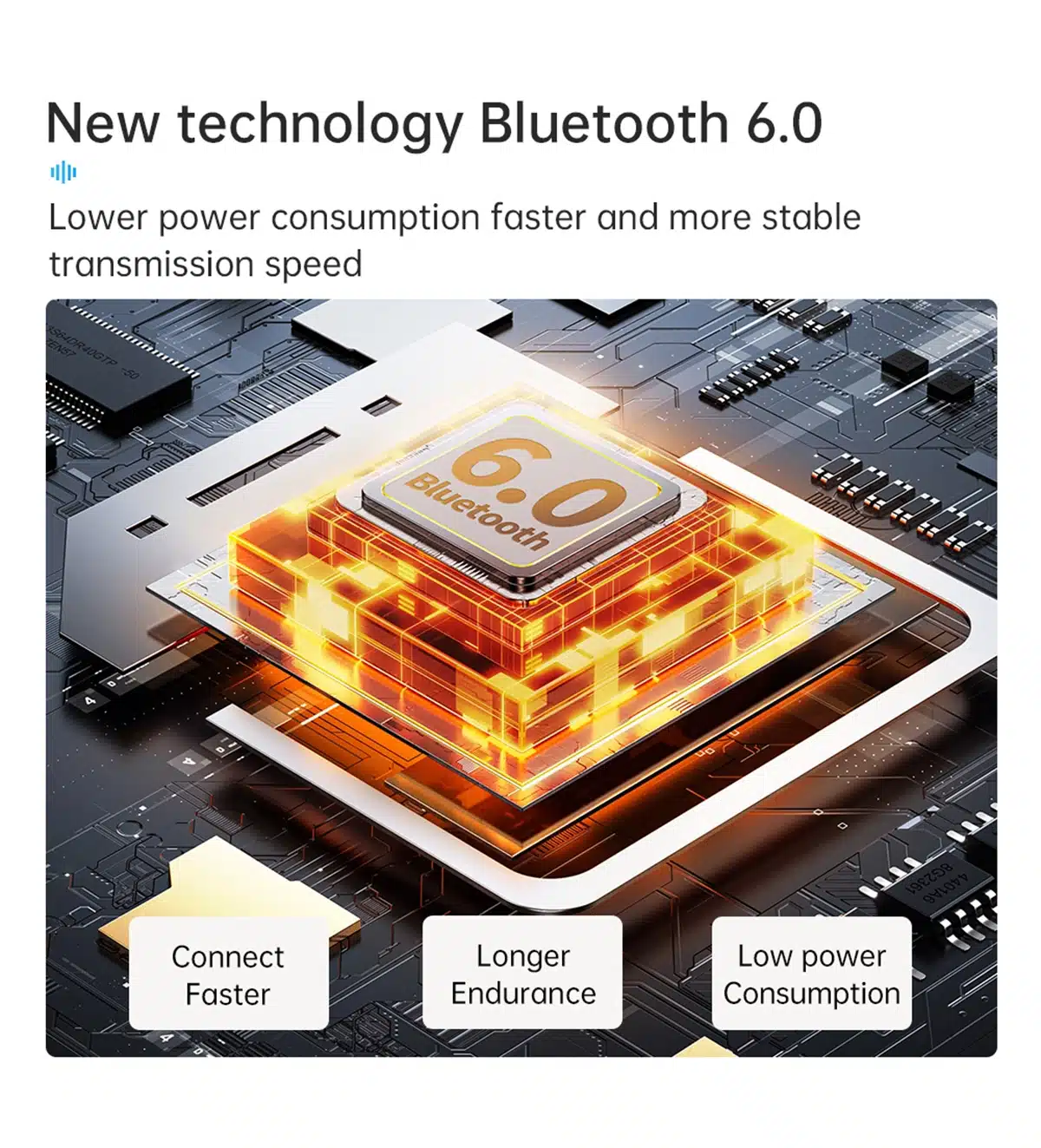 Bluetooth V6.0 Technology: Latest generation Bluetooth chipset for instant pairing, a stable connection, and low power consumption.
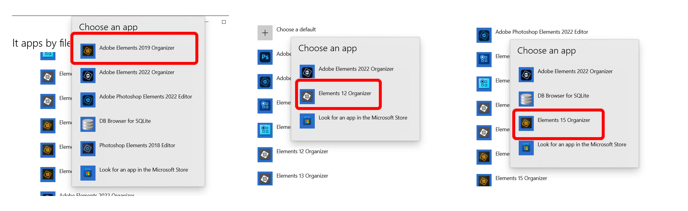 Michel, I also conducted some tests with Windows Settings for file associations. I got different options for each version of Elements on my computer (10 to 2022). Here are some samples:
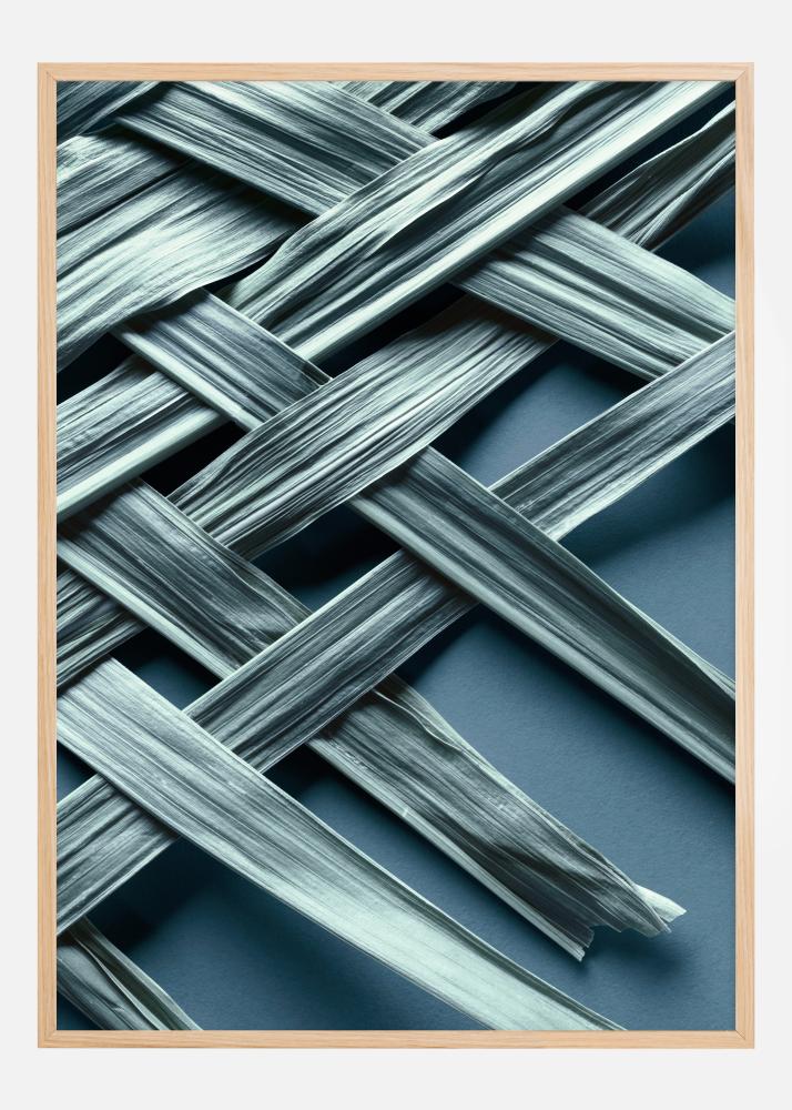 Този съвременен постер представя завладяващ и абстрактен мотив от пресичащи се линии с мек в синьо-зелен тон. Внимателно подредената композиция от линии създава динамичен модел, който придава усещане за движение и текстура, правейки изображението както визуално интересно, така и замислящо.

GOAL OF THE EXERCISE: What you return must match the material above exactly, apart from its pictures.

RESULT:
 Bluetooth V6.0 Technology: Latest generation Bluetooth chipset for instant pairing, a stable connection, and low power consumption.
 Michel, I also conducted some tests with Windows Settings for file associations. I got different options for each version of Elements on my computer (10 to 2022). Here are some samples:
 Този съвременен постер представя завладяващ и абстрактен мотив от пресичащи се линии с мек в синьо-зелен тон. Внимателно подредената композиция от линии създава динамичен модел, който придава усещане за движение и текстура, правейки изображението както визуално интересно, така и замислящо.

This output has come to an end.